Chapter 37 Avery

AVERY

I headed straight for Sugar Pine Creamery. I had a lot of questions and none of them were well formulated enough for me to be ready to talk to Beck, Noah, or Dane. They didn’t even know I was nosing around Harold’s death.

Except when I got to the ice cream shop, it was dark inside, the Closed sign hanging on the glass door.

Darn it.

I eyed the Crumb next door. Beck would be there making more doughy goodness while Malcolm — if he was working — bopped to Bakery Beats.

No, I wanted to talk to Lena on this one.

I shot her a text and was relieved when she answered right back. She closed the shop on Tuesdays, but she gave me her address in town and told me to come over.

According to my phone it was less than a ten-minute walk from Main Street, so I started moving, turning off Main and entering an unfamiliar residential neighborhood that must have run behind Aunt Evelyn’s house on Foxglove Lane.

The houses were more modest here, but they were all neat and well maintained, a pretty row of Arts and Crafts-style houses, bungalows, and cottages, all with freshly cut lawns and colorful flower beds.

The afternoon sun had just started to dip in the sky, but it was still warm, a sure sign of the impending summer. I tried to imagine myself back in the city, the sound of horns honking and people yelling instead of birds singing and lawn mowers humming.

It was almost impossible. My other life seemed a world away. Even more confusing, I wasn’t sure I missed it.
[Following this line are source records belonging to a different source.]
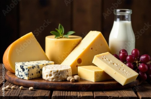 Variety of cheeses with milk, grapes, and almonds on wooden board
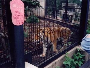 | トラの檻には「オシッコ注意」の掲示が。そう、トラにオシッコをかけてはいけません(違うって)。 ちなみにこのアムールトラは、本来、寒い地方にすむトラである。旭川の冬にも辛い思いをすることはないだろう。 |
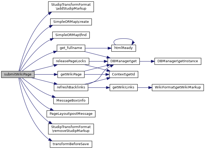 | submitWikiPage ($keyword, $version, $body, $user_id, $range_id) | |
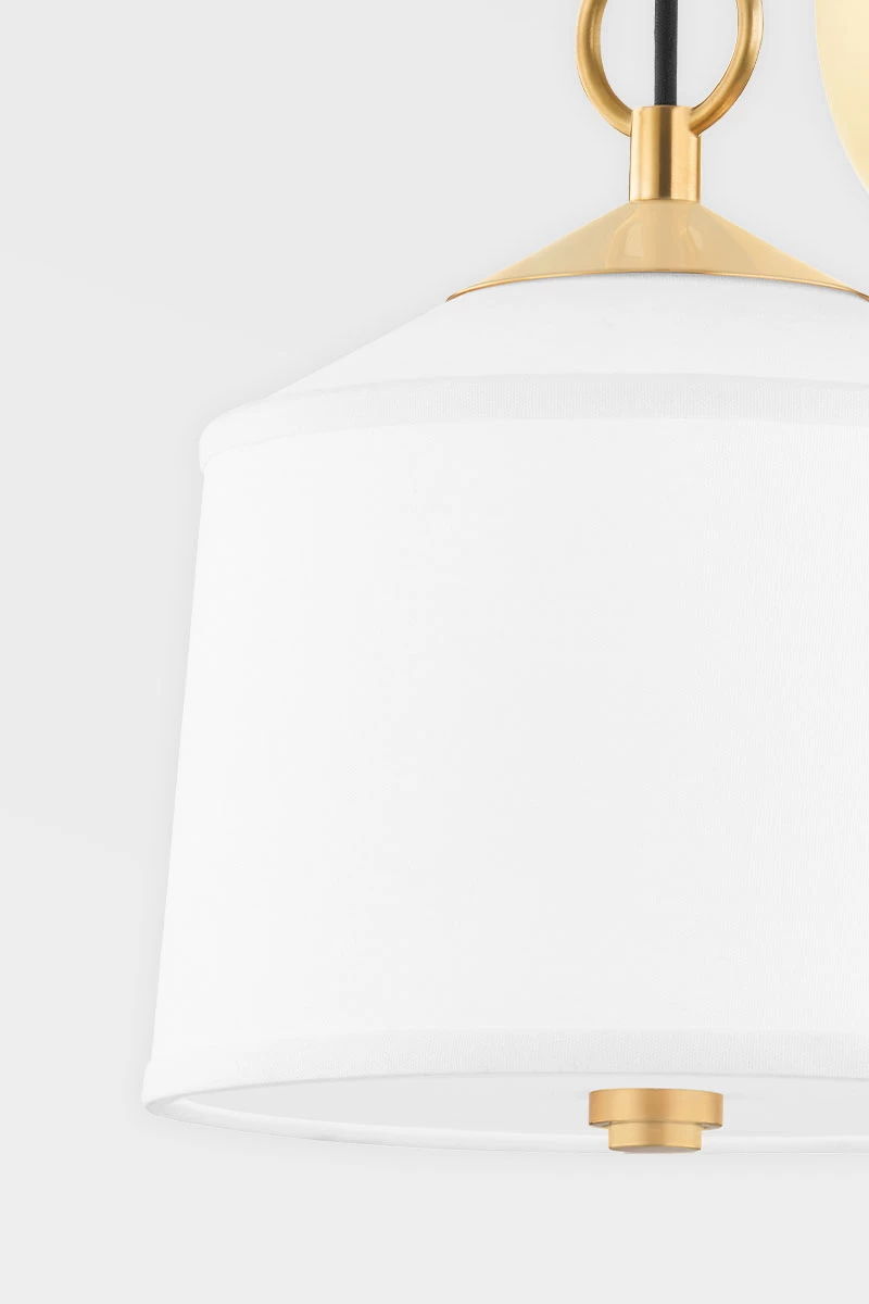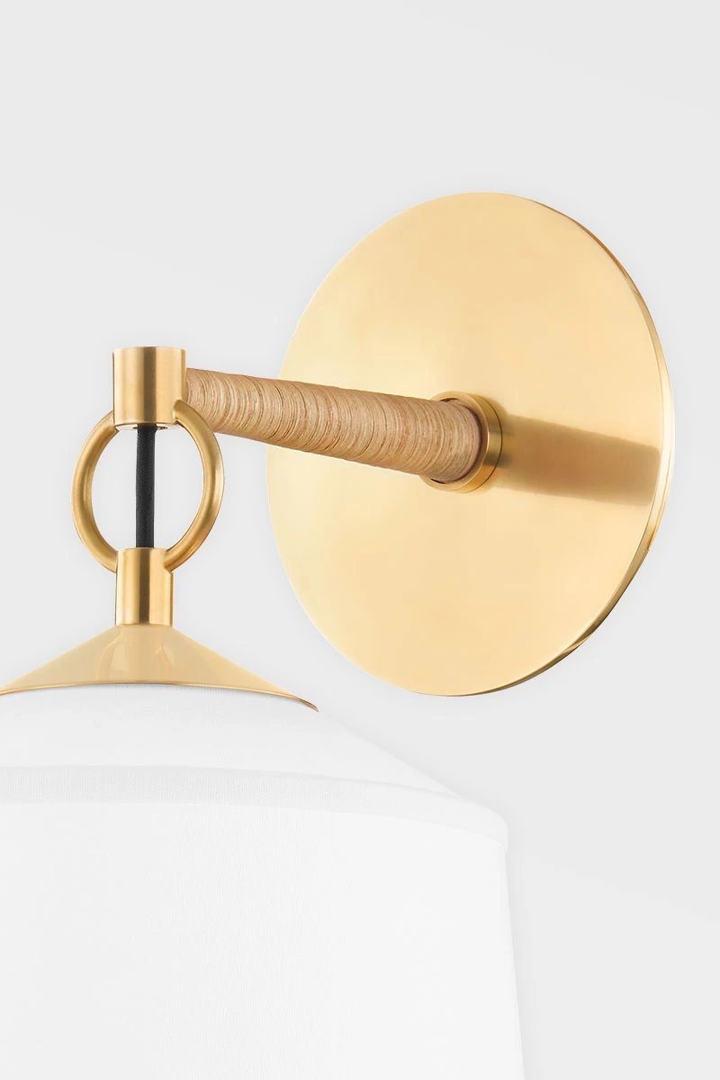The White Plains Wall Sconce features a classic shape with luxury details, and is the perfect piece for transitional interiors. The clean, crisp white linen shade blends beautifully with the sleek solid brass metalwork and natural wrapped rattan for a look that is warm yet modern.
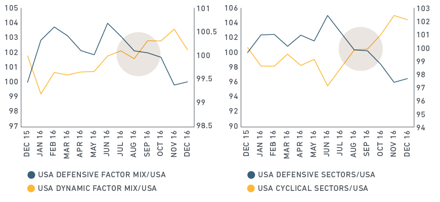 While the Brexit vote created huge uncertainty in markets, particularly in Europe, the election of Donald J. Trump and an upbeat assessment by the Fed had an opposite effect: Institutional investors shifted their strategies toward U.S. companies that benefit from economic growth and away from minimizing risk. Money followed investor sentiment in primarily three ways: from defensive to cyclical sectors, from large-cap to small-cap stocks, and from defensive to cyclical (dynamic) factors. Our findings shed light on allocations across sectors, factors and the rest of the investment spectrum.
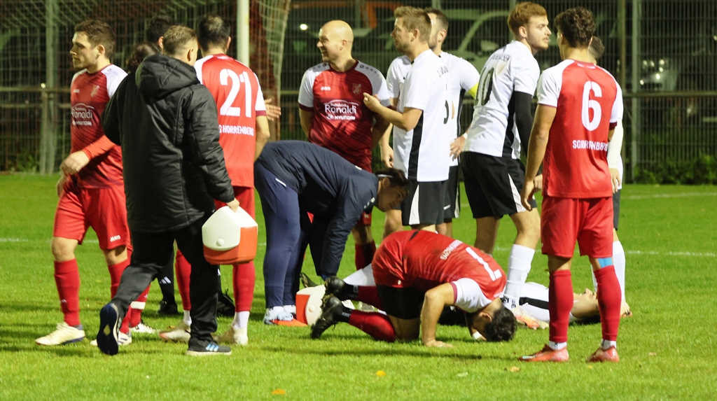Statt dem Ausgleich erhöhte der Gast in der 87. Minute zum 1 : 3 durch Noah Eckert und on Topp gab es noch eine „ROTE“ für einen Spieler der Heimelf, die unserer Meinung nach eine harte Entscheidung war, zumal der gegnerische Spieler anschließend munter weiter spielen konnte.

I thought about the promotion I’d been promised late last year, but instead of excitement, I only felt resignation, like it was a consolation prize instead of the position I’d coveted since I’d first started at Livable Cities.

I wasn’t thinking straight. Harold’s murder and my sexual experimentation with Beck and Noah — not to mention my lingering hunger for Dane — were like hypnotic fog in my brain.

I needed to focus.

I was approaching the blue dot on the map that was Lena’s house when I spotted a familiar figure bounding up the steps of a narrow two-story Victorian with yellow paint.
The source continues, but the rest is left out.